[Opening Data extracts section]

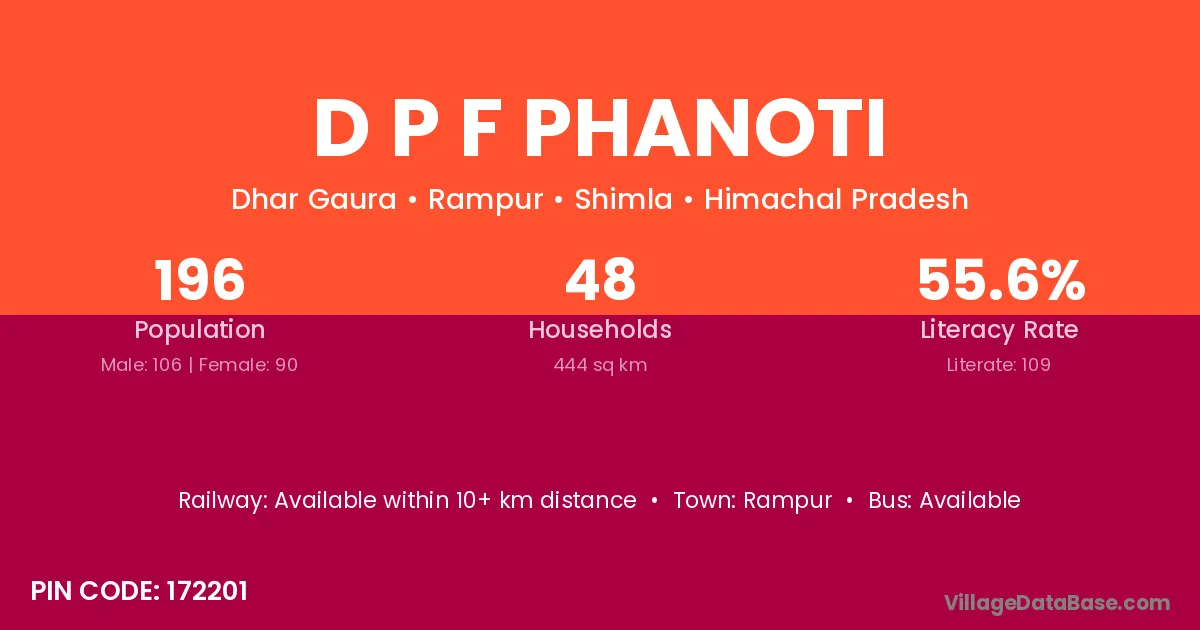 D P F Phanoti village has a total population of 196 people, of which 106 are males and 90 are females.
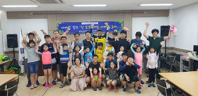 이날 총 15가족 아빠들이 참가해 초등자녀와 단둘이 책을 읽고 직접 재료를 손질하는 푸드아트와 야외물놀이 행사를 진행했으며, 서로에게 집중하면서 대화하는 내용으로 화기애애한 시간으로 채워졌다.
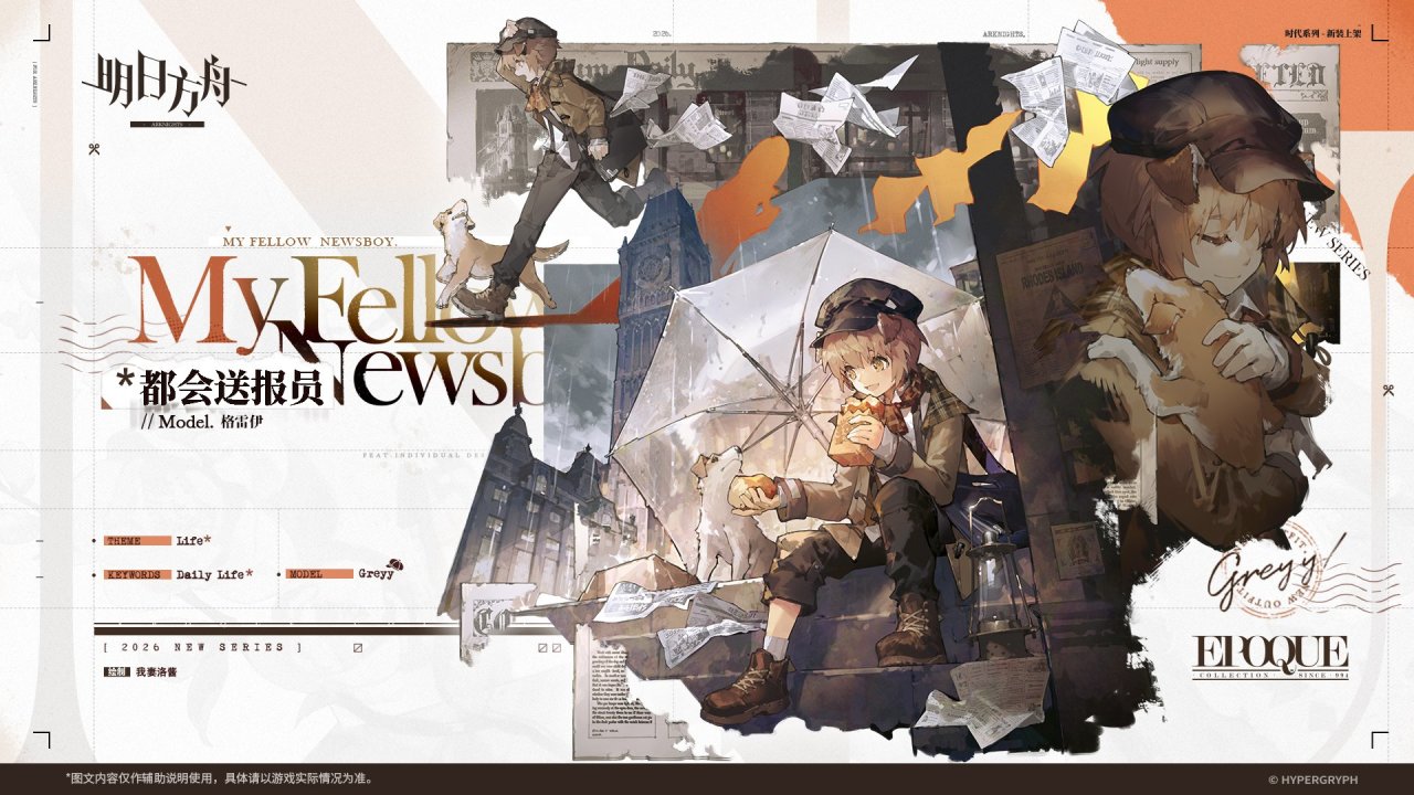 EPOQUE系列新款/都会送报员。格雷伊派送报刊时的着装。耐磨外衣配上厚实靴子,再裹一条格子围巾,就足以让他在穿越广场与小巷时无惧风雨。
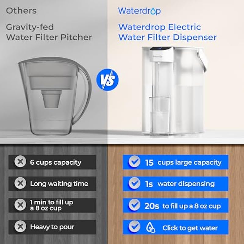 - Fashionable And Large Capacity, Good Gift for Day: This water filter dispenser adopts a fashion and streamlined design. It can slot conveniently into the refrigerator to save space. The large capacity with 40-cup (21 cups in the body) also meets the needs of many people effectively. Drink more water everyday with Waterdrop. 3-pack replacement filters are available for purchase! (search model: WD-PF-01A).
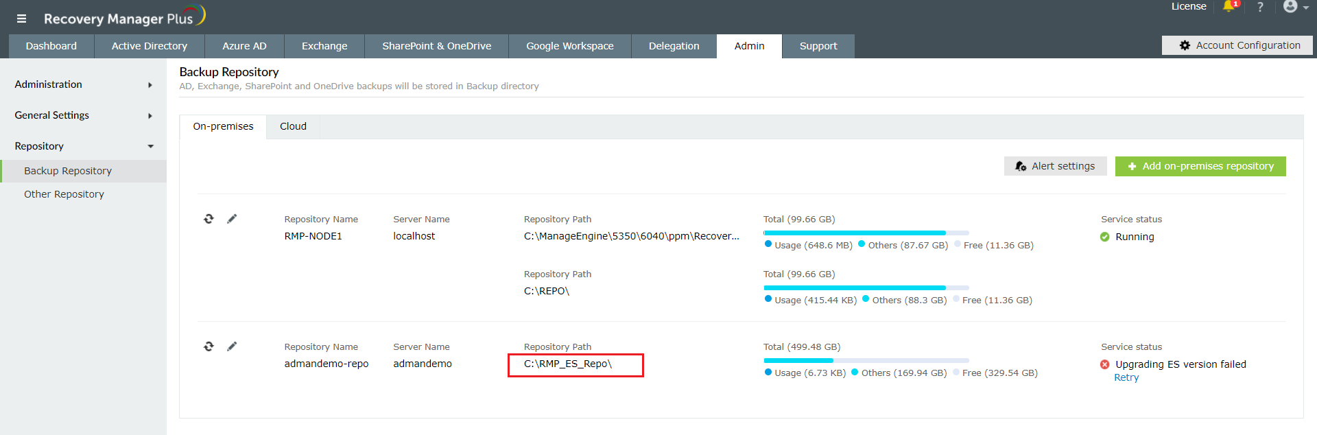 - If you have configured on-premises backup repositories in RecoveryManager Plus other than RMP-NODE1, you will have to make the same changes to jvm.options file in those repositories.
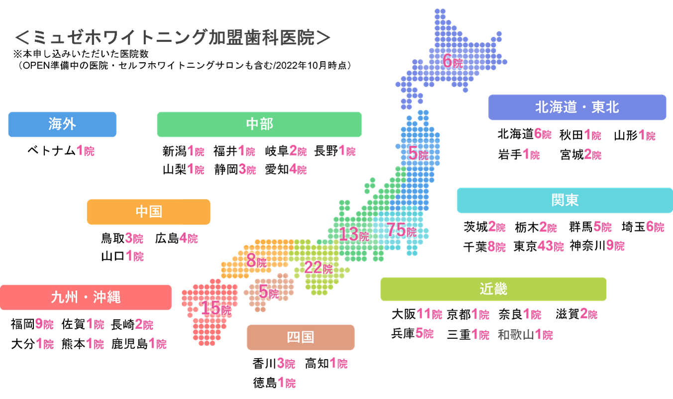 そこで、2017年10月よりホワイトニング専門医院で培ったノウハウと、ミュゼプラチナムの集患支援やブランド活用をパッケージ化した「ミュゼホワイトニングパートナープログラム」の提供を開始。この度、多くの歯科医院さまにご支持いただき、2022年10月に加盟医院数が150院(※4)に到達いたしました。
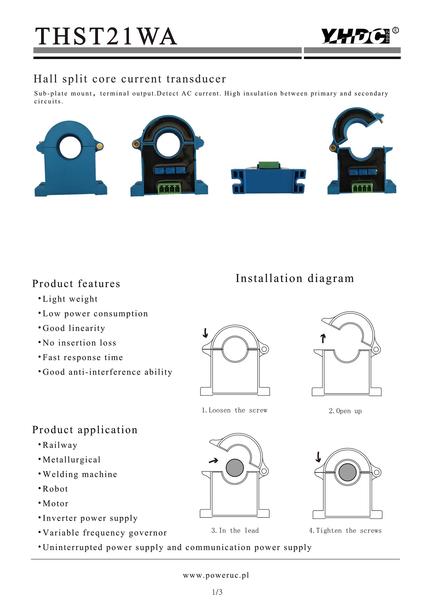 Split core AC current transducer THST21WA Rated input 50A 100A 200A 300A 400A 500A Rated output 0-20mA;4-20mA ;0-5V;1-5V;0-10V
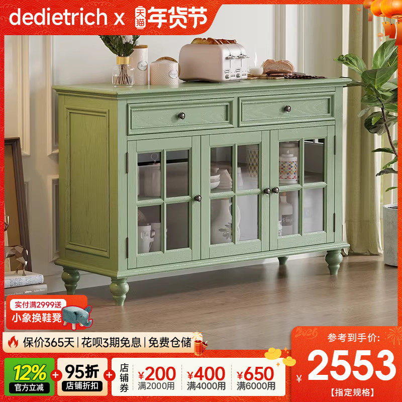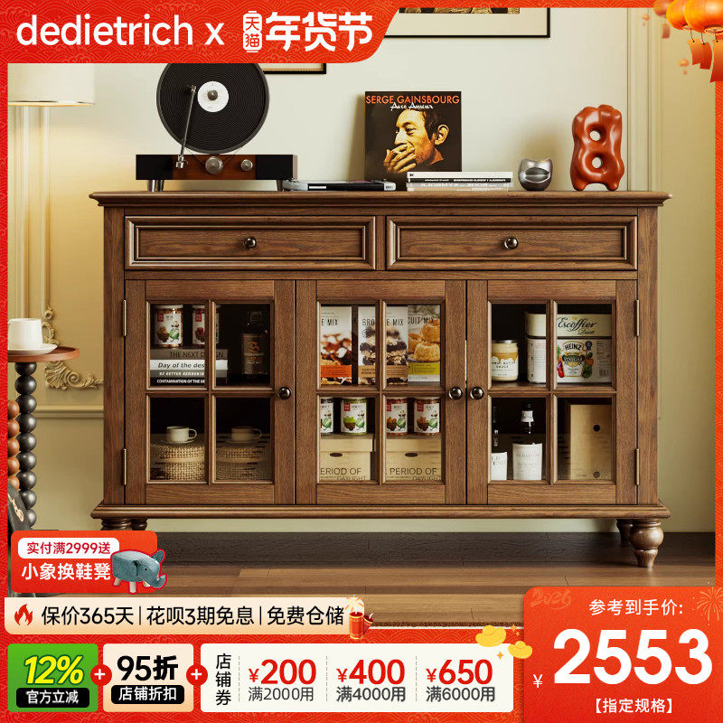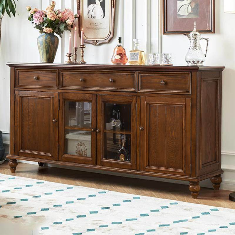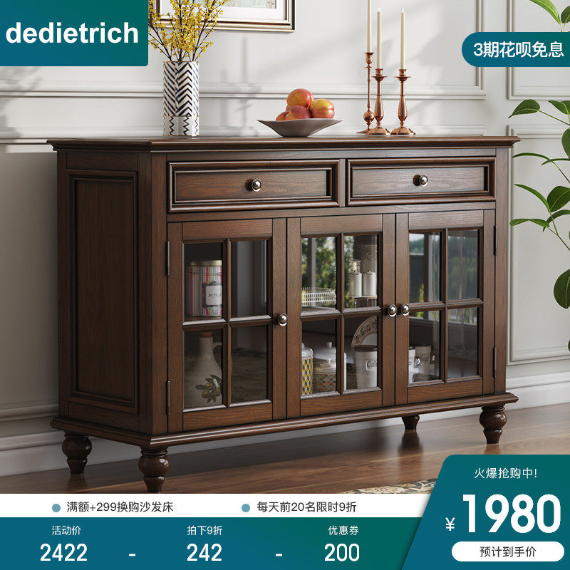 美式复古餐边柜乡村实木轻奢柜子中古风靠墙一体边柜储物柜过道柜
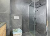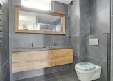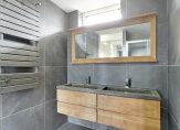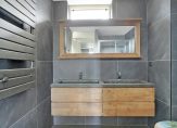 De moderne badkamer, met grote grijze tegels op de muren en vloer, is ingedeeld met een inloopdouche, wandcloset en een dubbel wastafelmeubel. Het raam zorgt ervoor dat de badkamer dat er daglicht en natuurlijk ventilatie heeft.
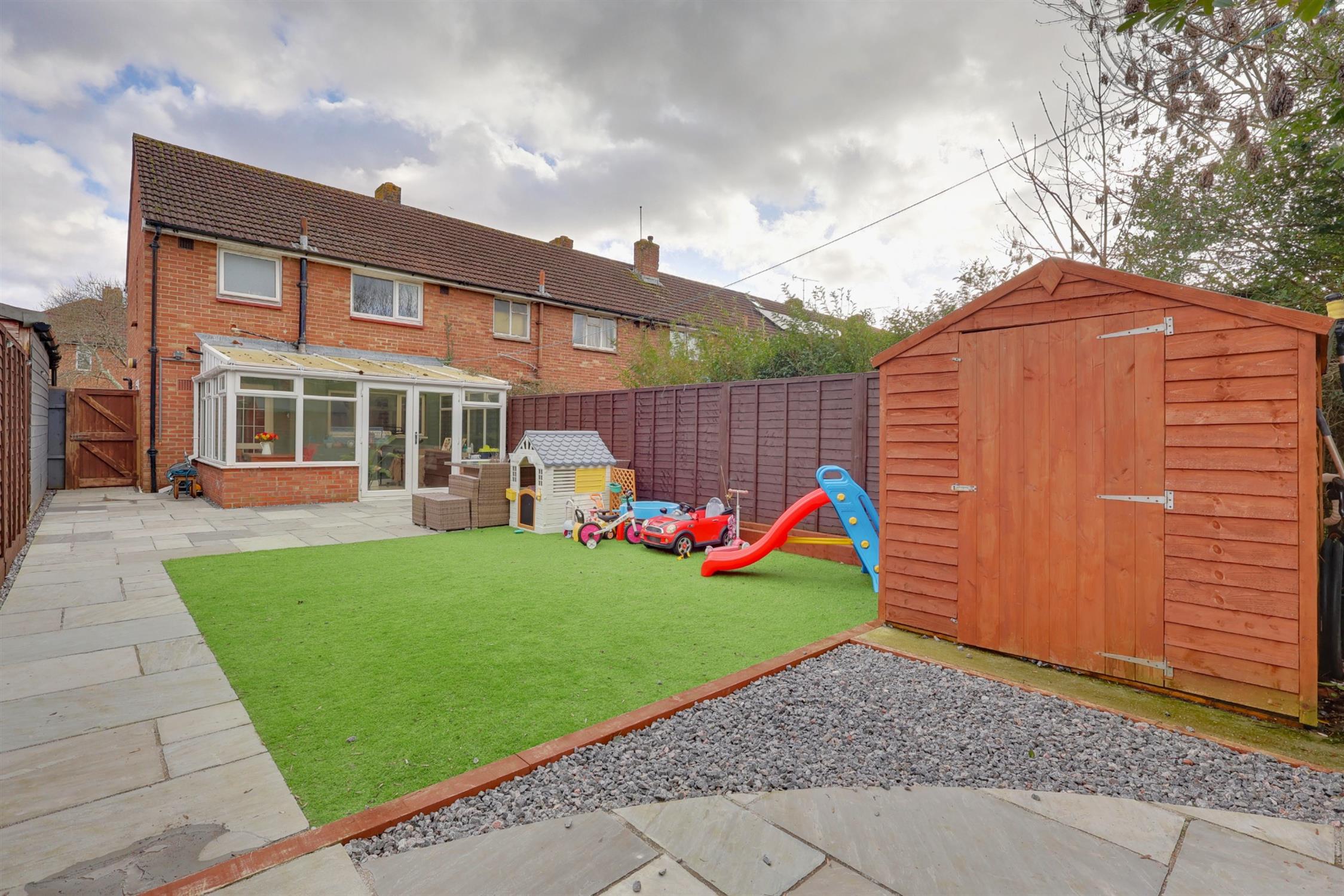 A well-presented, two bedroom end-of-terrace property that enjoys a west facing rear garden. There is a generous rear garden, which has been landscaped for low maintenance and provides side access. To the front of the property is off road parking for two vehicles. The entrance hall provides access to the sitting room and kitchen. There is a conservatory which has French doors opening onto the garden. From the first floor landing is access to the modern bathroom and two double bedrooms. An internal viewing is highly recommended to appreciate the accommodation on offer.

[Closing Data extracts section]

Problem statement: Find "De moderne badkamer, met" in the entries, then reproduce that line and each line after it exactly, through the last one. Pictures do not go in.

Output of the exercise:
 De moderne badkamer, met grote grijze tegels op de muren en vloer, is ingedeeld met een inloopdouche, wandcloset en een dubbel wastafelmeubel. Het raam zorgt ervoor dat de badkamer dat er daglicht en natuurlijk ventilatie heeft.
 A well-presented, two bedroom end-of-terrace property that enjoys a west facing rear garden. There is a generous rear garden, which has been landscaped for low maintenance and provides side access. To the front of the property is off road parking for two vehicles. The entrance hall provides access to the sitting room and kitchen. There is a conservatory which has French doors opening onto the garden. From the first floor landing is access to the modern bathroom and two double bedrooms. An internal viewing is highly recommended to appreciate the accommodation on offer.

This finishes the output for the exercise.